My father doesn't know about this. I managed to sneak the pistol out of his closet yesterday. Surprisingly, it's loaded. I always sort of thought that my dad left it empty, you know, to scare a burglar or whatever. Not like we'd ever get a burglar in my neighborhood. Nothing exciting or even a little dangerous, God forbid, ever happens in Hamlet Lake. We've practically defined Minnesota nice here. I'm pretty sure that the ants in this town have, at some point, actually asked permission to take breadcrumbs.
I actually think that my dad still believes that I don't know about this gun. You'd think that he'd have noticed I'm in high school and can figure stuff out on my own. But my dad doesn't know shit. He never pays attention because he's never home. He stays at work for hours now that Mom's gone. I guess he figures, why come home? I'm the only other one in the house, and God knows we don't get along. The stuffed-shirt successful businessman and the hardcore punk who's failing half his classes and dyes his hair purple? Oh, yeah, that's a great family dynamic. We get on each other's nerves, and by that I mean that we pretty much shout at each other all the time. So he doesn't notice or care that I found his gun.
He's also failed to pick up on the fact that I get the shit kicked out of me about once a week at school. You know, just a little detail that he's overlooked. When I come home with a black eye he just shakes his head and says he wishes that I wasn't so anti-social. I'm pretty sure he thinks I start these fights. It's hilarious, because I've never started a fight with a kid before. Now I'm just going to finish them. I point the gun at the mirror again and pop the trigger with the safety on a couple more times. I don't know where he stashes his spare bullets, so I only have one full chamber, one time, and I want to make sure it counts. I want to make sure that when I shoot this thing, it only takes one shot each time. When those bastards fall down, I want to make sure they don’t get up again. While I get comfortable with the gun, I decide to put on NOFX’s album, The War on Errorism. The idiots really are taking over, I think.
Yesterday, it happened again. I was walking home from school, which I’ve started doing since riding the bus became a nightmare. It’s a long walk, but I couldn’t ride the bus without my things turning up missing before the end of the ride. It started simple, with my backpack or whatever. I’d always get them back. A couple weeks ago, they stole my coat. I couldn’t get it back from them and had to walk from the bus stop home in the cold. The next day I found pieces of it all over the floor by my locker. My dad had to buy me a new one. Of course, since he’s a sports nut, it had to be a Vikings jacket, with Hulk Hogan’s face bravely emblazoned across the back, wearing a stupid horned helmet. It’s great, you know, because I like professional sports so much and everything. So there I was, walking home in my nice new Vikings jacket and looking for rocks big enough to “lose” it under, when Aaron Banaczek snuck up behind me and grabbed me by the back of my backpack. I turned, but by that time Aaron’s buddies, who we’ll call Short, Dumb, and Ugly for the sake of conversation, had already grabbed me by the arms so that Aaron can have his fun.

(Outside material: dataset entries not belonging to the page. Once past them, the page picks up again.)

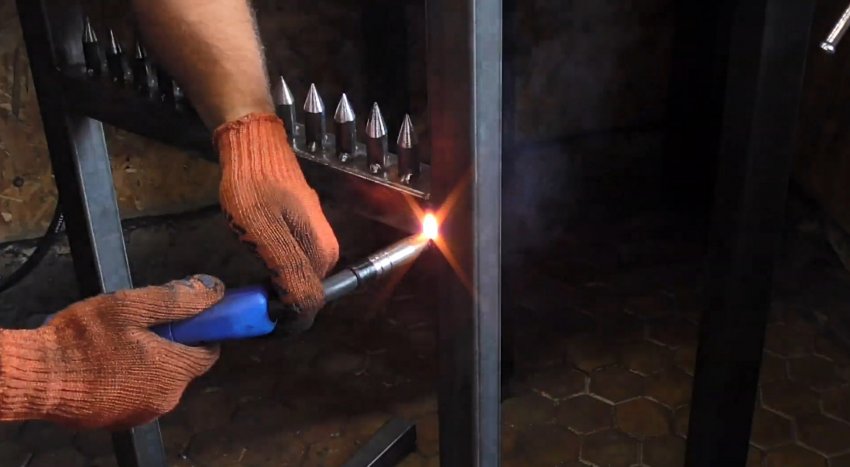 Вставляем заготовку с заостренными стержнями в горизонтальном положении между стойками силовой рамы на расчетной высоте от пола и привариваем.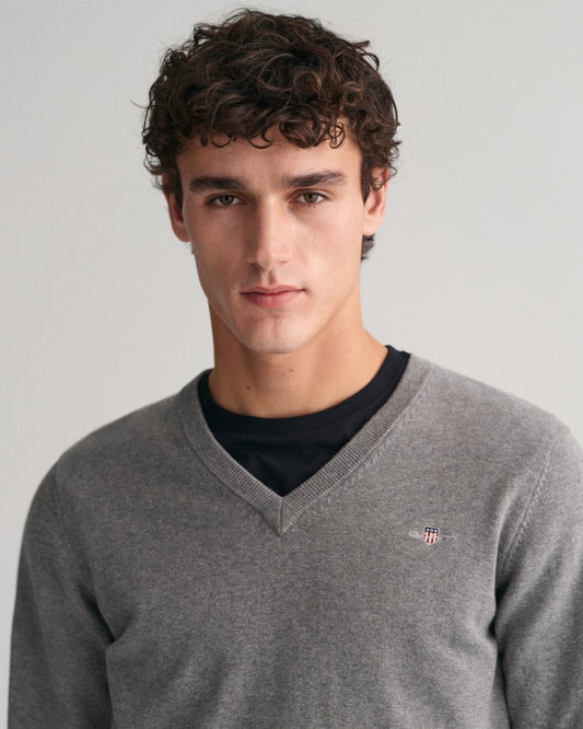Vendor:GANT Mens Classic Cotton V-Neck Jumper - 433 Evening Blue - 433 Evening BlueGANT Mens Classic Cotton V-Neck Jumper - 5 Black - 5 BlackGANT Mens Classic Cotton V-Neck Jumper - 902 Dark Jeansblue Melange - 902 Dark Jeansblue MelangeGANT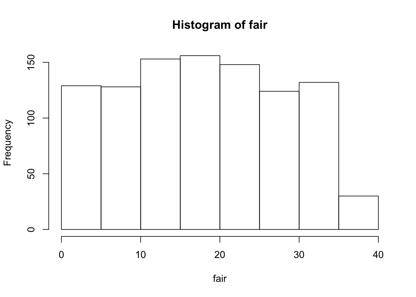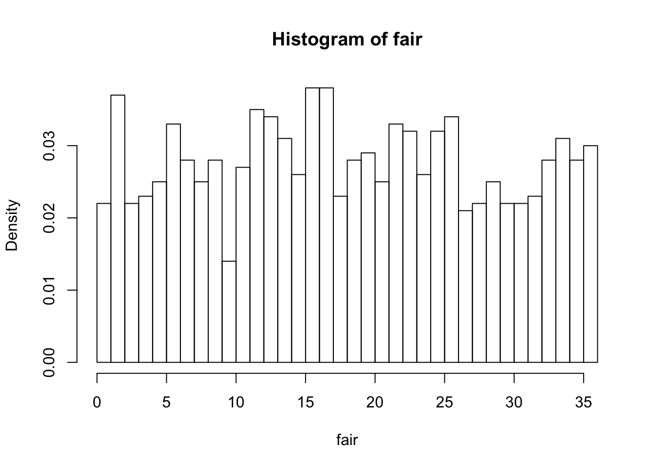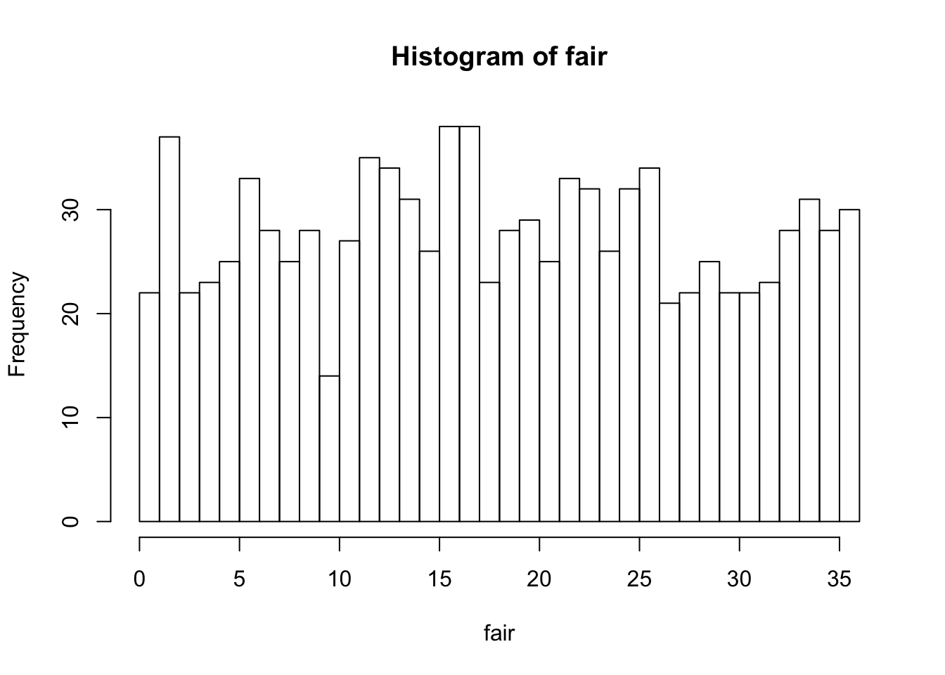 hist(fair,breaks=0:36) # 幅を0から36の1刻みにする。

“You little faggot,” muttered Short, “We’ll get you this time.”
“Still not gay, you guys,” I answered. “This whole labeling thing is getting old.” I was trying again, vainly, to be a smartass.
“How ‘bout we label you dead?” growled Dumb.
Vainly. I winced as Aaron’s fist careened toward my face. Crack! And the lawn gnomes in the yard next to me started spinning around in some kind of strange dance. One of them turned to the other one, and I swore I heard it say that this time I wouldn’t get up. I realized that was actually Aaron as he kicked me in the stomach. There was something warm and wet on the front of my ugly new jacket and everything kept spinning around. The lawn gnomes watched, quite intrigued by the entire thing, and tittered back and forth to each other as Dumb and Ugly played catch with the contents of my backpack. I reached out a hand, but Short pushed me to the ground, and Aaron stepped on my nose. That’s an incredibly unpleasant feeling, if it ever happens to you. As the front of my face exploded, Aaron turned his attention to kicking me, over and over. The lawn gnomes pointed and laughed, and then I heard the lady who owns the lawn gnomes screaming something, and the world went fuzzy before it went black.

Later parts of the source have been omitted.